For this level you must write a simple web application that generates two pages. You are
given a set of requirements below, these are encoded in a set of tests (level1_functional.py
in the
starter kit) that your application must pass. The tests correspond to the
functional requirements below.
Functional requirements
Welcome to Jobs
As a visitor to the site, when I load the home page I see the title text "Welcome to Jobs".
About Page Link
As a visitor to the site, when I load the home page I see a link to another page
with the link text "About".
About Page
As a visitor to the site, when I click on the link "About" I am taken to
a page that contains the site manifesto, including the words "Jobs is a new, exciting, job posting service like nothing you've seen before!".
Consistent Design
As a visitor to the site, I notice that all the pages on the site have the same
design with the same colours and fonts used throughout.
Each page will have a similar structure and will link to a
common CSS stylesheet.
Unit Tests
There are no unit tests for this level.
Your Task
To achieve these requirements you will need to build a bottle web application that
is able to serve the two HTML pages (Home and About) and the associated
stylesheet. The techniques to do this are covered here:
Python Web Applications.
Generating HTML Pages looks at
the Bottle page templating system.
Testing Python Programs covers
running unit tests.
Getting Started
You should be able to unpack the starter kit and runmain.pyto see a very simple
single page web application that is the starting point for your work.
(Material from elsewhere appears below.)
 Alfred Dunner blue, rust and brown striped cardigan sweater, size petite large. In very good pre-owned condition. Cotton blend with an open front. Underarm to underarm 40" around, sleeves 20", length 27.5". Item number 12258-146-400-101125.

You need to extend this
to meet the requirements above. This application is very similar to others that you will
have written in tutorials and so should not present any new problems for you to solve; you
just need to apply the techniques you've already learned.
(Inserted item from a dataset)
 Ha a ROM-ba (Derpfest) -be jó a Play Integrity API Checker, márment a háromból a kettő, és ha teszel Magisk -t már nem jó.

The functional requirements have been laid out in a suggested ordering. Start by writing
code to meet the first requirement before moving on to the second. Treat each requirement
as a sub-problem. Understand what is asked of you and design a solution, then implement it.
These requirements may seem too trivial to work like this but as they get more complicated
you will benefit from this approach.
Run the functional tests before and after you implement each requirement. You should see
the test fail before, and when you see it pass you know you have a correct solution. This is
known as Test Driven Development – normally you would write the tests yourself to
encode your understanding of the users requirements.